Royal representatives filed the couple’s paperwork at a registry office in Tokyo on Tuesday morning. Photo: Kyodo via AP Images
Four years after publicly announcing their engagement, former Princess Mako of Japan has officially tied the knot with her college sweetheart, Kei Komuro.
Royal representatives filed the couple’s paperwork at a registry office in Tokyo on Tuesday morning, with little of the fanfare traditionally seen in royal weddings. Hours later, the newlyweds held a press conference for the first time since 2017.
“I am thankful from the bottom of my heart,” she said, expressing gratitude for the people who have helped and supported her in her life as she spoke to the public for the first time as a civilian, as Japanese law strips the titles of female royals who marry commoners.
For his part, Kei began his opening remarks with “I love Mako.”
“I want to spend my one life with the person I love,” he told the dozens of reporters gathered in a room they rented for the event.
The marriage registration wrapped up almost four years of media frenzy over Kei’s family, with tabloids reporting that his mother received $36,000 from her former fiancé that she did not repay.
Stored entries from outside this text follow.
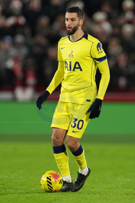 Rodrigo Bentancur of Tottenham Hotspur on the ball during the Premier League match Brentford vs Tottenham Hotspur at The Gtech Community Stadium, London, United Kingdom, 1st January 2026, Credit:Harvey Murphy/News Images / Avalon
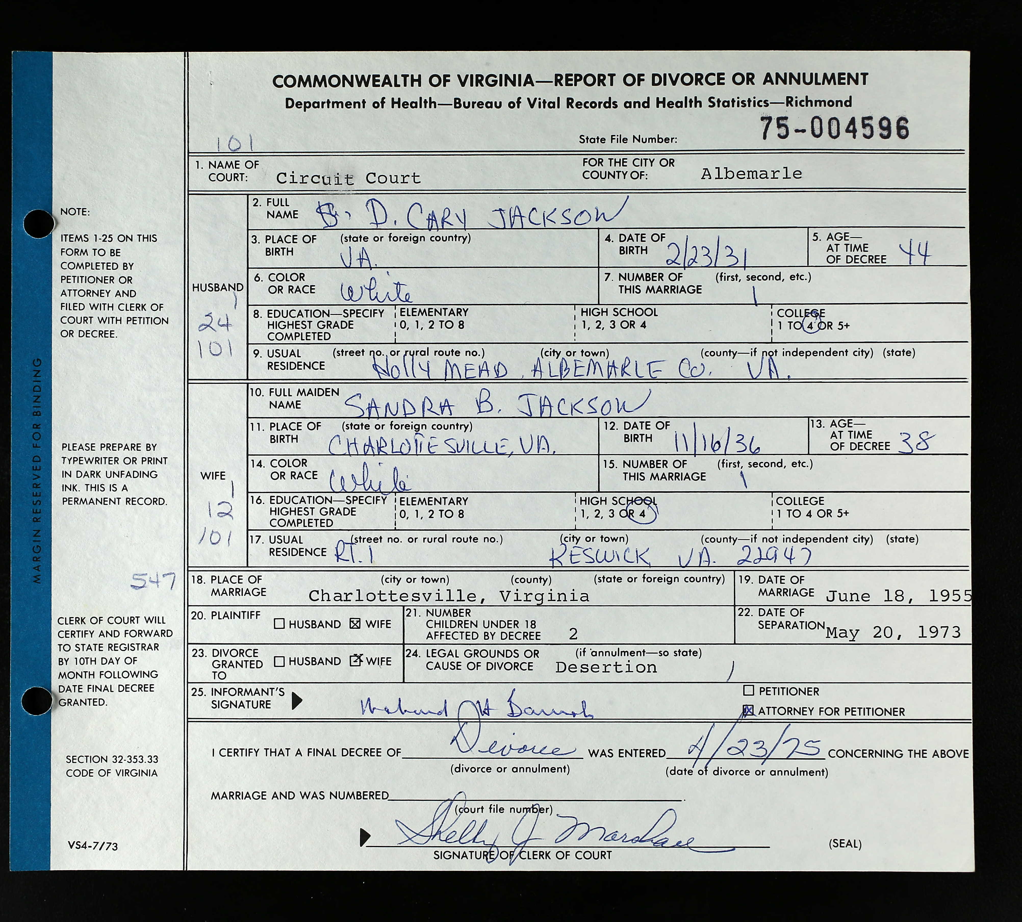 1076. Divorce or Annulment, D. Cary Jackson and Sandra B. Jackson.
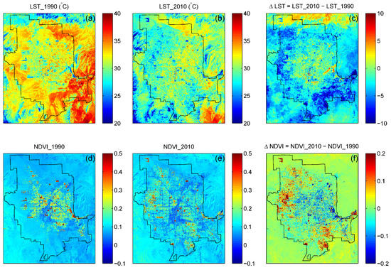 Comparison of annual averages of LST (a,b) and NDVI (d,e) during 1990 and 2010. The differences are shown in (c) for LST and (f) for NDVI.
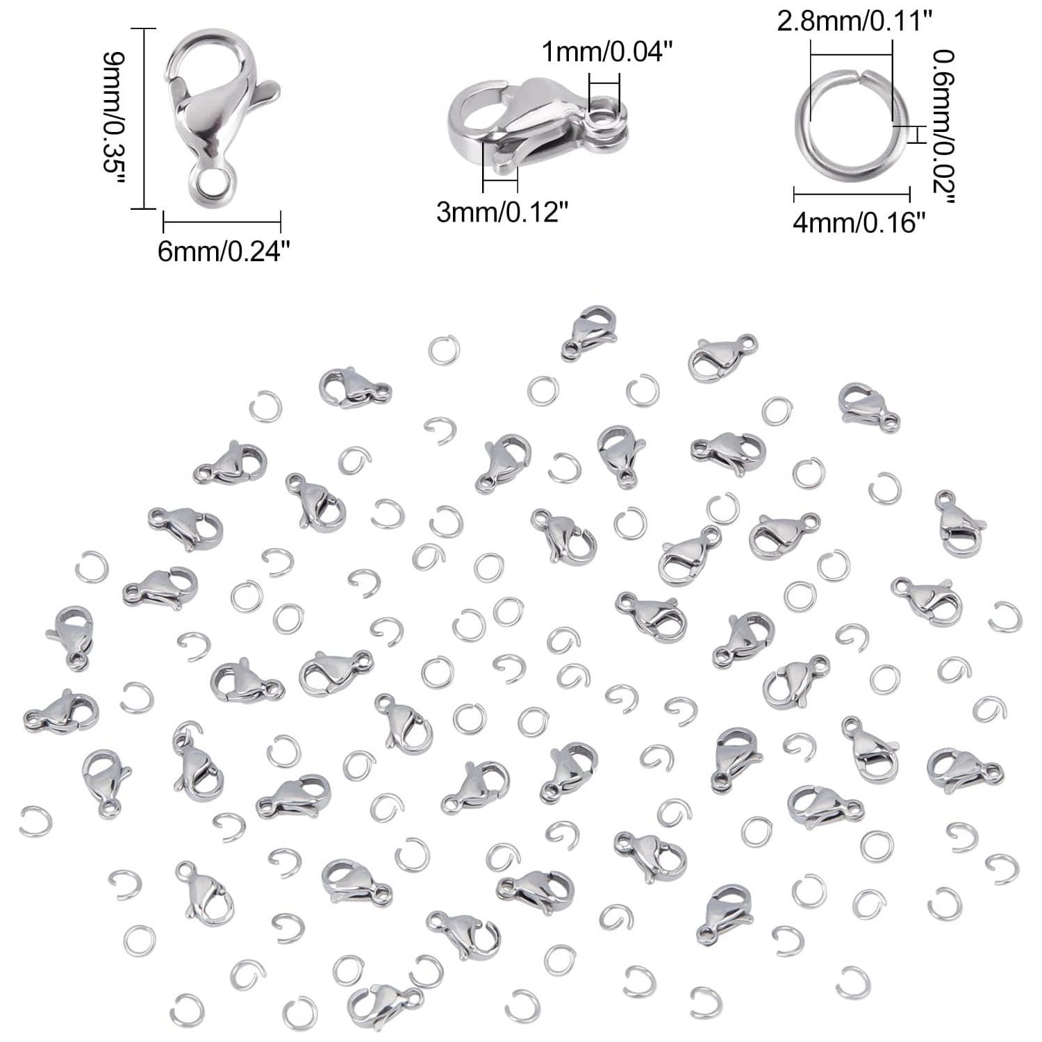 Praktyczny komplet do tworzenia i naprawy biżuterii, zawierający karabińczyki oraz kółka montażowe wykonane z trwałej stali nierdzewnej 304. Materiał ten jest odporny na rdzę, nie odbarwia się i zachowuje połysk przez długi czas.
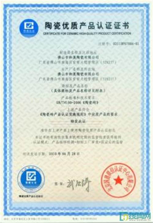 在產品標準方面,陶城瓷磚建立了比歐洲標準、國家標準更為嚴格的企業內控標準,嚴格控制和管理從研發到成品的整個生產制作過程,原材料選取全球頂級的優質原材料,如美國美國福祿公司墨水、土耳其石粉、意大利石英晶體等;生產上建立了一整套精密的制造體系,每一片磚都經過許多道主工序和微工序的精雕細琢。因此,陶城的產品具有高硬度、低吸水、強耐磨、花色全、款式多、強防污,高亮度,超平整等優點,成為了行業中品質瓷磚的領跑者。2010年,陶城瓷磚成為國內首批通過“陶瓷優質產品認證”的23家企業之一。該陶瓷優質產品認證體現了陶城瓷磚高起點,高標準的優質“準則”,為陶城提升產品質量和建立質量標桿提供了第三方技術依據。
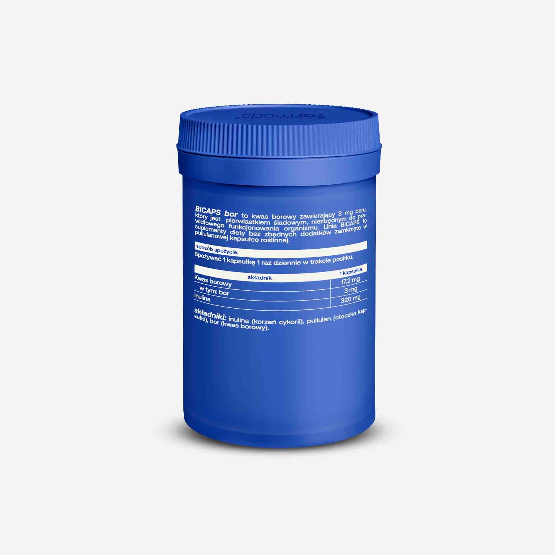 Bor to pierwiastek śladowy, czyli składnik mineralny, którego organizm potrzebuje w niewielkich ilościach, ale odgrywający ważną rolę w wielu funkcjach biologicznych, w tym w metabolizmie wapnia i witaminy D oraz utrzymaniu zdrowych kości. Niedobór boru może pojawić się przede wszystkim u osób z niewłaściwie zbilansowaną dietą, ubogą w warzywa i owoce, które są jego głównym źródłem. Według badań skuteczną dawką boru potrzebną do utrzymania zdrowych kości jest suplementacja 3 mg tego składnika dzienne. W produkcie BICAPS bor znajdziemy dobrze przyswajalny kwas borowy standaryzowany właśnie na 3 mg samego boru w porcji dziennej.
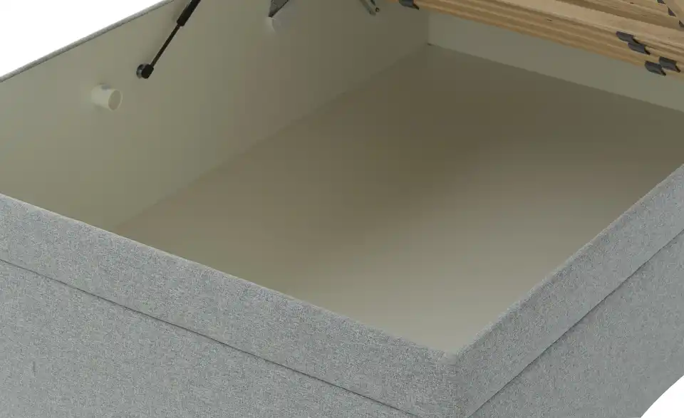- Mehr zu Ausstattung / FunktionMaterial Lattenrahmen Leisten aus Birke; Längskante aus Schichtholz, restlichen Teile: Massivholz (Buche)Bettkasten vom Fußteil zugänglich (Gasdruckfeder)
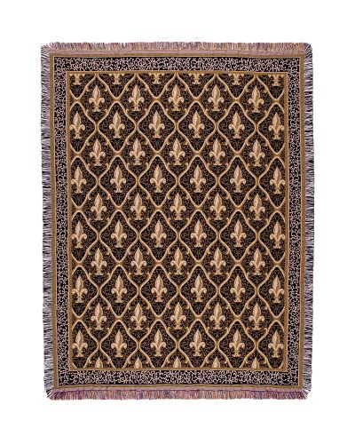 Charm any friend with this cozy tapestry throw blanket! Can be used on the bed, couch, or even as a decorative wall hanging. The blanket features patterned gold fleur de lis' with a red background. It is made in the USA and is high quality woven blanket and 100% cotton. The dimensions of the blanket, 50 X 60 inches. Please machine wash cold and tumble dry low.
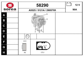 Napětí [V] : 12 V generátor-nabíjecí proud [A] : 90 A Hmotnost [kg] : 5,68 kg Počet žeber : 6 řemenice - ? [mm] : 55,8 mm řemenice : s řemenicí
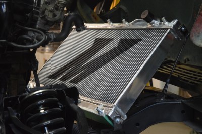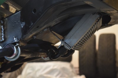 Over the weekend I was able to spend my afternoon, into the early hours of the next morning to get both my shiny new aluminum radiator and the nasty old oil cooler from the Evo-swapped Lancer mounted on the frame of the GT6. Life is good. Although I didn’t take pictures of it, I cut up the box that the radiator came in and taped off both the front and the back of the unit to ensure that I wouldn’t kill all of the fins prematurely. In addition, I used masking tape on both end tanks to minimize scratches during the installation and fabrication of the mounts.
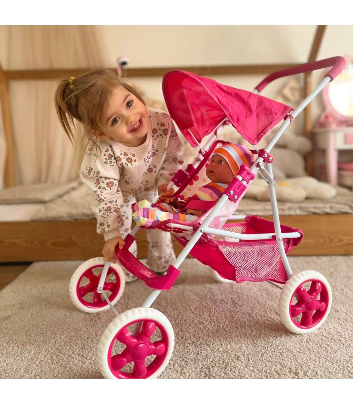 Коляска для кукол марки Woopie — идеальный выбор для каждой маленькой любительницы игры в дом. Она отличается лёгкой, но очень прочной рамой, что обеспечивает комфорт и безопасность при использовании. Оснащена подножкой, козырьком, защищающим от солнца, ремнями безопасности и практичной корзинкой для мелочей, что гарантирует полную функциональность и комфорт. Кроме того, у неё мягкая ручка, облегчающая управление, и тихие, цепкие пенные колёса, идеальные как для дома, так и для прогулок. После игры коляску легко сложить, что экономит место при хранении. Стильный дизайн делает её особенным аксессуаром для любой куклы.

Detractors seized on the reports to paint Kei as a money grabber and questioned his motives.
The intense media scrutiny not only delayed their marriage but also contributed to Mako’s PTSD. Uncertainty loomed over the pair, but in the hours since the ink dried on their official marital papers, the couple expressed their intentions of moving on—and out of Japan.
“We will be starting a new life together. Though we’ll experience hardships of a different kind, we’d like to combine our strengths and walk this path together—just as we’ve always done,” Mako said.
After apologizing for the “trouble” caused in relation to their marriage, Kei went on to thank those who backed the couple. “The reason I’ve been able to maintain this desire of sharing my future with Mako is because of her, and the people who have supported us,” the 30-year-old Fordham Law graduate said.
To marry her college sweetheart, Mako gave up her royal title and all the perks that came with it, such as attending exclusive cultural events and meeting foreign dignitaries. Any children she may have won’t be considered part of the imperial family either. She also turned down a $1.4 million lump sum payment given to female members stripped of their status and declined the traditional royal ceremony.
To avoid distressing questioning from the press, the couple gave written answers to five questions submitted ahead of time from reporters.
The newlyweds stated they planned to build a warm and peaceful household together, although Mako said she was worried the backlash would continue.
She also said her mental health hadn’t entirely recovered from the negative press coverage, though her husband was supporting her through such difficult times.
Though the newlyweds didn’t detail where they’d live, Japanese broadcaster NHK reported that the two planned to move into a Tokyo apartment together before moving to New York City. After graduating from law school in May, Kei has been working at a law firm in New York as a law clerk. The broadcaster added that the two would live in a single bedroom apartment, and both would have jobs to financially support themselves. Mako previously lived in the Akasaka Estate, an imperial residence in Tokyo.
In response to questions about doing a televised interview like Meghan, the Duchess of Sussex, had, the ex-princess said she had no plans to do so, and was “saddened” that her engagement was covered in Japanese media as a scandal.
“I believe the reason why our engagement became so controversial is because incorrect information was somehow taken up as if it were an undisputed fact, and it spread as a baseless story. This was a painful and sad experience, as well as a scary one,” Mako said.
But above it all, she chose love. “He’s irreplaceable,” said the former princess, now Mako Komuro.